上記有機燐酸エステル金属塩としては、例えば、ナトリウム−2,2’−メチレン−ビス(4,6−ジ−t−ブチルフェニル)フォスフェート、ナトリウム−2,2’−エチリデン−ビス(4,6−ジ−t−ブチルフェニル)フォスフェート、リチウム−2,2’−メチレン−ビス(4,6−ジ−t−ブチルフェニル)フォスフェート、リチウム−2,2’−エチリデン−ビス(4,6−ジ−t−ブチルフェニル)フォスフェート、ナトリウム−2,2’−エチリデン−ビス(4−i−プロピル−6−t−ブチルフェニル)フォスフェート、リチウム−2,2’−メチレン−ビス(4−メチル−6−t−ブチルフェニル)フォスフェート、リチウム−2,2’−メチレン−ビス(4−エチル−6−t−ブチルフェニル)フォスフェート、ナトリウム−2,2’−ブチリデン−ビス(4,6−ジ−メチルフェニル)フォスフェート、ナトリウム−2,2’−ブチリデン−ビス(4,6−ジ−t−ブチルフェニル)フォスフェート、ナトリウム−2,2’−t−オクチルメチレン−ビス(4,6−ジ−メチルフェニル)フォスフェート、ナトリウム−2,2’−t−オクチルメチレン−ビス(4,6−ジ−t−ブチルフェニル)フォスフェート、カルシウム−ビス[(2,2’−メチレン−ビス(4,6−ジ−t−ブチルフェニル)フォスフェート]、マグネシウム−ビス[2,2’−メチレン−ビス(4,6−ジ−t−ブチルフェニル)フォスフェート]、バリウム−ビス[2,2’−メチレン−ビス(4,6−ジ−t−ブチルフェニル)フォスフェート]、ナトリウム−2,2’−メチレン−ビス(4−メチル−6−t−ブチルフェニル)フォスフェート、ナトリウム−2,2’−メチレン−ビス(4−エチル−6−t−ブチルフェニル)フォスフェート、ナトリウム−2,2’−エチリデン−ビス(4−s−ブチル−6−t−ブチルフェニル)フォスフェート、ナトリウム−2,2’−メチレン−ビス(4,6−ジ−メチルフェニル)フォスフェート、ナトリウム−2,2’−メチレン−ビス(4,6−ジ−エチルフェニル)フォスフェート、カリウム−2,2’−エチリデン−ビス(4,6−ジ−t−ブチルフェニル)フォスフェート、カルシウム−ビス[2,2’−エチリデン−ビス(4,6−ジ−t−ブチルフェニル)フオスフェート]、マグネシウム−ビス[2,2’−エチリデン−ビス(4,6−ジ−t−ブチルフェニル)フォスフェート]、バリウム−ビス[2,2’−エチリデン−ビス(4,6−ジ−t−ブチルフェニル)フォスフェート]、アルミニウム−トリス[2,2’−メチレン−ビス(4,6−ジ−t−ブチルフェル)フォスフェート]、アルミニウム−トリス[2,2’−エチリデン−ビス(4,6−ジ−t−ブチルフェニル)フォスフェート]、アルミニウムヒドロオキシ−ビス[2,2’−メチレン−ビス(4,6−ジ−t−ブチルフェニル)フォスフェート]、アルミニウムジヒドロオキシ−2,2’−メチレン−ビス(4,6−ジ−t−ブチルフェニル)フォスフェート等が例示される。
本発明の樹脂組成物には性能を損なわない範疇でまた、各種添加剤、例えば、耐熱安定剤、酸化防止剤、耐候安定剤、紫外線吸収剤、銅害防止剤、帯電防止剤、難燃剤、親水化剤、スリップ剤、抗ブロッキング剤、防曇剤、着色剤、充填剤、ポリエチレン、エラストマー、石油樹脂、抗菌剤などを含有することができる。

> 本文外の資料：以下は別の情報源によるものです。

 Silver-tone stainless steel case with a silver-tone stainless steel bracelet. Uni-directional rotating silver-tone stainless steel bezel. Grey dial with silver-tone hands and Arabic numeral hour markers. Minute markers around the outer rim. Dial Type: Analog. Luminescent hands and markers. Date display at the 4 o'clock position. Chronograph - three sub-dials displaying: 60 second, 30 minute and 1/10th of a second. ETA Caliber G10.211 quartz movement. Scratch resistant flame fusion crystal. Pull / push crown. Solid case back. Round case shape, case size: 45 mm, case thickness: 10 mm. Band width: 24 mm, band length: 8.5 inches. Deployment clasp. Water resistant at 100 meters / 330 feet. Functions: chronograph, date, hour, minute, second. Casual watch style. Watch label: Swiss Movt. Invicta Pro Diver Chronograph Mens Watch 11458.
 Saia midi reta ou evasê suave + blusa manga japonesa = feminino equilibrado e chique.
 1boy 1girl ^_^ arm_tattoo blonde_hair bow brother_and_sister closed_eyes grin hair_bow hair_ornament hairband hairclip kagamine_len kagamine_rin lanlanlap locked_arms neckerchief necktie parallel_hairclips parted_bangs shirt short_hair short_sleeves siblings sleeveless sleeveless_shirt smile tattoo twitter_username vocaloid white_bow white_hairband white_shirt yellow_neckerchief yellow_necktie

また、MFR調整が必要な場合は有機過酸化物を配合することもできる。
本発明のプロピレン−エチレン系樹脂組成物は、前述のプロピレン−エチレン共重合体(A)、プロピレン−エチレン共重合体(B)、造核剤及びその他添加剤等の各種配合成分の所定量を、例えばヘンシェルミキサー(商品名)、スーパーミキサー、リボンブレンダー、タンブラーミキサー、バンバリーミキサー、等の通常の混合装置を用いて混合することによって得ることができる。得られた混合物を、単軸もしくは2軸の押出機、又はロールなどを用いて、溶融混練温度150〜300℃、好ましくは180〜250℃でペレタイズすることによって、ペレット状の組成物とすることもできる。
本発明の射出成形品は、上記のプロピレン−エチレン系樹脂組成物を通常の射出成形法、射出圧縮成形法、射出発泡成形法等に付すことにより得られる。

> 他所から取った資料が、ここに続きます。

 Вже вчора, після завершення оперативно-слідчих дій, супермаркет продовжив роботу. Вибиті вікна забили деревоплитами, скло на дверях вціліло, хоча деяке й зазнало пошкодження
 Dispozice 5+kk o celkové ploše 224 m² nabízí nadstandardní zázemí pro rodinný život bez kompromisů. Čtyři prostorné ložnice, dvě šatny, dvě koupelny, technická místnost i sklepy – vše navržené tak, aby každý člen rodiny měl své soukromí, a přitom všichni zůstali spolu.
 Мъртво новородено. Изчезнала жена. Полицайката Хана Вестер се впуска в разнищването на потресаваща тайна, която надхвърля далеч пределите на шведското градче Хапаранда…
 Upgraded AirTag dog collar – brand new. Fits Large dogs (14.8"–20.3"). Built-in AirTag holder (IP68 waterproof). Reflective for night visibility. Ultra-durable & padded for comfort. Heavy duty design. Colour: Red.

この射出成形品としては、具体的には、食品容器(プリン容器、ゼリー容器、ヨーグルト容器、その他のデザート容器、惣菜容器、茶碗蒸し容器、インスタントラーメン等のインスタント麺類に代表されるインスタント食品用の容器、米飯容器、レトルト容器、弁当容器等)、飲料容器(飲料ボトル、チルドコーヒー容器、ワンハンドカップ容器、その他の飲料容器等)、キャップ(ペットボトルキャップ、1ピースキャップ、2ピースキャップ、インスタントコーヒーのキャップ、調味料キャップ、化粧品容器キャップ等)、その他各種容器(インク容器、化粧品容器、シャンプー容器、洗剤容器等)、日用品(衣装ケース、バケツ、洗面器、筆記用具、コンテナ、玩具、調理器具、その他各種ケース等)などが挙げられる。
1.物性、評価方法
(1)MFR 本発明のプロピレン−エチレン系樹脂組成物のメルトフローレートMFRは、JIS K−7210−1999(230℃、2.16kg荷重)に準拠して測定される。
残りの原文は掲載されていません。